While electrostatic fluidized bed powder coating systems are known, difficulties have been experienced in producing a dense and essentially stable, uniform powder cloud within the coating chamber. Exhaust mechanisms in conventional electrostatic fluidized beds and cloud coaters are either non-existent or are such as to draw powder particles through preferred and confined locations. The effect is a distortion in the vertical line of travel of the powder which immediately upon fluidization tends to travel in a line directly to the exhaust ports. The result is a varying degree of cloud density at any specific location in the coating chamber and heavy powder concentrations in the vincinity of the exhaust ports.

Furthermore, conventional beds have relatively small exhaust hoods which permit heavy powder accumulation on their sides with subsequent drop off onto the object being coated.

In addition, dead spots of zero fluidization have often presented problems due to such fittings as flanges, screws, etc. that are installed within the bed. This effect is due to lack of air flow through the porous plate at these spots thus stagnating the powder directly above and resting thereon and also due to non-uniform flow of the air through the porous plate close to such flanges.

The object of the present invention is to provide an electrostatic fluidized bed powder coating unit and particularly to a cloud coater which enables development and control of a stable cloud of essentially uniform powder density above the main body of the fluidizing powder, and which also enables development of uniform fluidization of powder particles across the entire area of the bed.

The electrostatic fluidized bed coating unit, in accordance with the invention, for applying charged powder particles continuously onto discrete or elongated objects comprises a plenum chamber with means for ingress of a gas under a greater than atmospheric pressure, a porous top plate for such plenum chamber extending to the limits of the containing walls of the plenum chamber, containing walls for powder immediately above the porous plate and forming essentially a continuation of the plenum chamber walls, a coating chamber secured to the powder containing walls, and an exhaust system for effecting a substantially uniform fluidizing gas removal from an area essentially directly above the porous plate.

In a preferred embodiment of the invention, the roof of the coating chamber is covered by a perforated plate which occupies the area directly above the fluidized bed, other portions of the coating chamber being covered completely. The perforated plate could be positioned either horizontally or inclined to the horizontal. The exhaust system situated above the perforated plate could either be enclosed by a hood or open to the atmosphere.

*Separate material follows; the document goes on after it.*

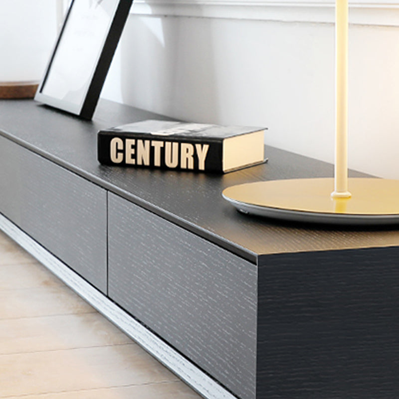 Modern Engineered Wood TV Stand Black Enclosed Storage TV Console with Drawers

In either cases, the area immediately above the perforated plate is maintained at a pressure lower than atmospheric pressure by means of a suction unit so as to draw the fluidizing air through the openings in the perforated plate. The perforated plate may also have holes of various predetermined sizes and predetermined locations so as to ensure a substantially uniform suction of powder particles across the entire area of the fluidized bed.

In a preferred embodiment, there are adjustable openings on either side of the exhaust hood, the purpose of which is to enable control of the reduced pressure inside the hood and hence of the rate of air suction through the perforated plate arrangement.

The coating chamber, exhaust hood and the perforated plate are preferably kept vibrated to minimize powder accumulation on the perforated plate and on the walls of the chamber.

The pressure in the coating chamber is preferably maintained at slightly less than atmospheric pressure. This is particularly advisible with horizontal coating units to prevent loss of fluidized powder through the openings in the ends of the coating chamber for the passage of the objects to be coated. Vertical coating units can be maintained at a pressure slightly positive provided that such pressure is less than the plenum chamber pressure.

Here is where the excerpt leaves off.